▶ What the task requires
The data below holds a line containing "4 Shohei Ohtani" and a line containing "Obraz premium かわいいソフトクリームのイラスト(緑)"; please quote exactly those two lines and every line between them, and nothing else.

▶ Records shown
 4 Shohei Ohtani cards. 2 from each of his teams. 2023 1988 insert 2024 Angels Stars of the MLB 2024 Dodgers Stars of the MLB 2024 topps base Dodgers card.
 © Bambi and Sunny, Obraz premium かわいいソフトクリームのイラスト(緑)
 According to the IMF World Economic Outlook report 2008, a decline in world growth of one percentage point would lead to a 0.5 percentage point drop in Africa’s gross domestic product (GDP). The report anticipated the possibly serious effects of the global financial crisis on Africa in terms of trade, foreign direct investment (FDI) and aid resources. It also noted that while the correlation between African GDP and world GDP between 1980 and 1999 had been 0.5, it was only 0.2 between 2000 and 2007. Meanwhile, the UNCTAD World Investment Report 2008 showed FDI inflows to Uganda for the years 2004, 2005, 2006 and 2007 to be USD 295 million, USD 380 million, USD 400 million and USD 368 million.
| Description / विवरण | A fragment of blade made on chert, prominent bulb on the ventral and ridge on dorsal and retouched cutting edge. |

* * *

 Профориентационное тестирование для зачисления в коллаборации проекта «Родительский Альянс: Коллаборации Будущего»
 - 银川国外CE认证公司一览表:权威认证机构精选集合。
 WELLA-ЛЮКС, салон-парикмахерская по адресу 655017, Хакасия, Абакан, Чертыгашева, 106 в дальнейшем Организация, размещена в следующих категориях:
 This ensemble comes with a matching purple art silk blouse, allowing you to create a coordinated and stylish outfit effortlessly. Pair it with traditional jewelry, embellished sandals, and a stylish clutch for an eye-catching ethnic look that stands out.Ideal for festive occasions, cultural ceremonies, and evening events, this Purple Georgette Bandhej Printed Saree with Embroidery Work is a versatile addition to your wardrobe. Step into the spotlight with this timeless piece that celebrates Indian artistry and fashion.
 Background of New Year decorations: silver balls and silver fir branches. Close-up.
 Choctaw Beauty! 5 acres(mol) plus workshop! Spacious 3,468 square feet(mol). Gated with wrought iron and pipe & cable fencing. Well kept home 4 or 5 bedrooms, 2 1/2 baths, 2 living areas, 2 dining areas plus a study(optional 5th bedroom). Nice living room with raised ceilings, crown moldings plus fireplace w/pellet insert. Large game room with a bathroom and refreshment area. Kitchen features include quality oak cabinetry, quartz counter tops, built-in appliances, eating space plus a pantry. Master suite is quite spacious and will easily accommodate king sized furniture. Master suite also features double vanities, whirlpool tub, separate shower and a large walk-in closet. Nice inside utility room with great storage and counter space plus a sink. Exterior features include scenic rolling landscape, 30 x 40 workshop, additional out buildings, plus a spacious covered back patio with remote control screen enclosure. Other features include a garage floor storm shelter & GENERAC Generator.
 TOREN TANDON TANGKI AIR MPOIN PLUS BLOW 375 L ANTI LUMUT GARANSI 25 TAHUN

▶ Answer for the task
 4 Shohei Ohtani cards. 2 from each of his teams. 2023 1988 insert 2024 Angels Stars of the MLB 2024 Dodgers Stars of the MLB 2024 topps base Dodgers card.
 © Bambi and Sunny, Obraz premium かわいいソフトクリームのイラスト(緑)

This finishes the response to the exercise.